Here are a few areas to explore in particular:

  1. In the config/routes.rb file you'll see that the application manages two resources: movies and reviews. Reviews are always accessed in the context of a particular movie, so the reviews resource is nested inside the movies resource. To get a quick lay of the land in terms of generated routes, jump over to http://localhost:3000/rails/info/routes.

  2. These routes map to two controllers in the app/controllers directory. MoviesController defines the seven conventional actions for creating, reading, updating, and deleting movies. ReviewsController has a subset of actions for creating and listing reviews, always in the context of a particular movie.

  3. Those controllers access the database via two models in the app/models directory: Movie and Review. A movie can have many reviews and a review belongs to a single movie. So the models have a one-to-many relationship. And of course we've declared some reasonable validations.

  4. The app/views directory contains your typical view templates. There's nothing out of the ordinary here, but it's worth a quick look. You'll notice that we use a partial for rendering forms and validation errors. As well, the layouts/application.html.erb file uses partials to create a consistent layout divided into header, main content, sidebar, footer, and flash sections.

  5. All the web design stuff lives in the app/assets directory so it's served through the asset pipeline. You'll find all the images (including movie poster images) in the images subdirectory and all the CSS stylesheets in the stylesheets directory. We used Sass fairly heavily to make writing CSS a little sweeter with variables, functions, nesting, and so on.

  6. To bring some life to the app right out of the box, the db/seeds.rb file creates an interesting set of movies and reviews. This file was executed when you ran rails db:seed earlier. If you have some favorite movies, feel free to add them to this file. Then to reseed the data, run rails db:reset. This task drops and re-creates the database, applies all the migrations, and populates the database with the seed data in db/seeds.rb.
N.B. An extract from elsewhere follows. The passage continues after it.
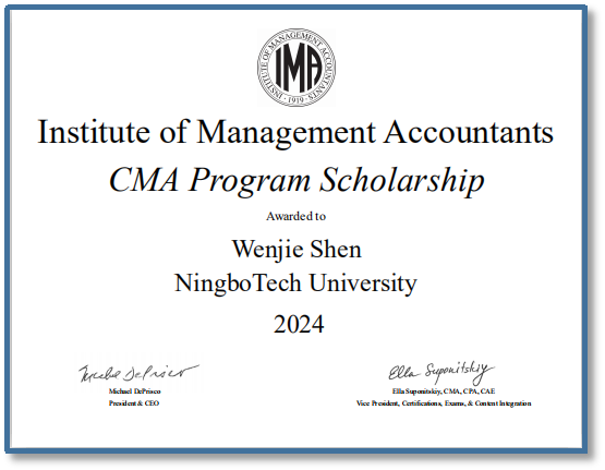 近期,商学院高佳桐、张怡婷等10位学生荣获IMA中国CMA(美国注册管理会计师)奖学金。自2017年起,商学院高级培训中心组织CMA培训并推荐学生申请CMA奖学金以来,已有近100名学生获此殊荣并通过CMA考试,获得CMA证书。

  7. The database schema evolved over a series of migrations which you'll find in the db/migrations directory. All these migrations were applied when you ran rails db:migrate earlier.

  8. And it wouldn't be a respectable app if it didn't come with automated tests. So in the spec directory you'll find both model and features specs written using RSpec and Capybara. All these specs where executed when you ran rspec earlier.

Now that you have everything installed, you know your way around the app, and all the specs pass, we're ready to start adding new features!